What is needed is an exact retyping of the records below, from the first line through the line that contains "and more elastic.".
Information section start
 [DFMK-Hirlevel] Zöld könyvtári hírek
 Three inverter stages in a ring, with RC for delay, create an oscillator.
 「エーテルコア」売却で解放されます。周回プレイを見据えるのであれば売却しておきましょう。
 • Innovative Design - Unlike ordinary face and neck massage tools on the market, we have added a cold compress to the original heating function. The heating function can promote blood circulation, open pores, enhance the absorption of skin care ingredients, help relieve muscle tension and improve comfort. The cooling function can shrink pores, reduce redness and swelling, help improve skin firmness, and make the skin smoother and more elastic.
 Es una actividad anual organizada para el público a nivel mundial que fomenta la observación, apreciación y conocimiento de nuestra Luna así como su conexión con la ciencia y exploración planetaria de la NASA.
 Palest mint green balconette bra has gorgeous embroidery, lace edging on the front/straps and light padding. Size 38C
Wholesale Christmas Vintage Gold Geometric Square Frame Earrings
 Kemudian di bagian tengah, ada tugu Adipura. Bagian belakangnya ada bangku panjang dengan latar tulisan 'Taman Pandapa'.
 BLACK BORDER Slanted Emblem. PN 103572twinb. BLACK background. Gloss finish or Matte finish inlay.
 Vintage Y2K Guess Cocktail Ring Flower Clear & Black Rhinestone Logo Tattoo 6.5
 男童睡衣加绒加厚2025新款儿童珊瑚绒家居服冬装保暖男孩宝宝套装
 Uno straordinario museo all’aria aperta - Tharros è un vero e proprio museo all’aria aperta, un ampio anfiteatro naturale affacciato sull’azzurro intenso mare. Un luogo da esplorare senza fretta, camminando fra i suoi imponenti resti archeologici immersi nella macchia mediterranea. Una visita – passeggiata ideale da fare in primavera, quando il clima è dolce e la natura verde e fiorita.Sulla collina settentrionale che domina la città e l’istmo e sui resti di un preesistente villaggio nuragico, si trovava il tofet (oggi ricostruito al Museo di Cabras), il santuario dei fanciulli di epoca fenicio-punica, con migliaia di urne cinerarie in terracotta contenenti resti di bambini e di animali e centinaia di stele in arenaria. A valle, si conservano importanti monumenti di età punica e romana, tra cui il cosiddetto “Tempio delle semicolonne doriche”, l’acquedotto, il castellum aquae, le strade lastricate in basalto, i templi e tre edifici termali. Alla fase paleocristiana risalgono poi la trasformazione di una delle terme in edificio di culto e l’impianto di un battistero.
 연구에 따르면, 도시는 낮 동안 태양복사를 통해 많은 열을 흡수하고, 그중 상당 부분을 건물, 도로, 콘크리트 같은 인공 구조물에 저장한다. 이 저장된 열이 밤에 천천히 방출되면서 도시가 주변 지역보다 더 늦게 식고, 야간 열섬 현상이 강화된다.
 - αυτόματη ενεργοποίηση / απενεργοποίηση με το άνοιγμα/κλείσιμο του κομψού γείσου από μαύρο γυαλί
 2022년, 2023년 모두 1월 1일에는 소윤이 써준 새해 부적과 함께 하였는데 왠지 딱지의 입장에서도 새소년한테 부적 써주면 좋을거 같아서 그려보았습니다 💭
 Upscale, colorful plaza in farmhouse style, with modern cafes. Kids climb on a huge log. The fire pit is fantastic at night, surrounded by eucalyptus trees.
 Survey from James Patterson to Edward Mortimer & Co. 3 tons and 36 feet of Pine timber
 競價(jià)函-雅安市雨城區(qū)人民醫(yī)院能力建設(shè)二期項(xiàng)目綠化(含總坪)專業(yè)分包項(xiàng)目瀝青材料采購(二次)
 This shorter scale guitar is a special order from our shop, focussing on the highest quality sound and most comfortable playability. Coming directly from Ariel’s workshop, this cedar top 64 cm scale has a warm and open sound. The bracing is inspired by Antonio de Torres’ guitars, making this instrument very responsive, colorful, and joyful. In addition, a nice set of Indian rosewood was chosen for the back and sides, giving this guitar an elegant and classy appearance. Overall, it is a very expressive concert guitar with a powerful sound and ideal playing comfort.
Information section end
Reply to the task:
 [DFMK-Hirlevel] Zöld könyvtári hírek
 Three inverter stages in a ring, with RC for delay, create an oscillator.
 「エーテルコア」売却で解放されます。周回プレイを見据えるのであれば売却しておきましょう。
 • Innovative Design - Unlike ordinary face and neck massage tools on the market, we have added a cold compress to the original heating function. The heating function can promote blood circulation, open pores, enhance the absorption of skin care ingredients, help relieve muscle tension and improve comfort. The cooling function can shrink pores, reduce redness and swelling, help improve skin firmness, and make the skin smoother and more elastic.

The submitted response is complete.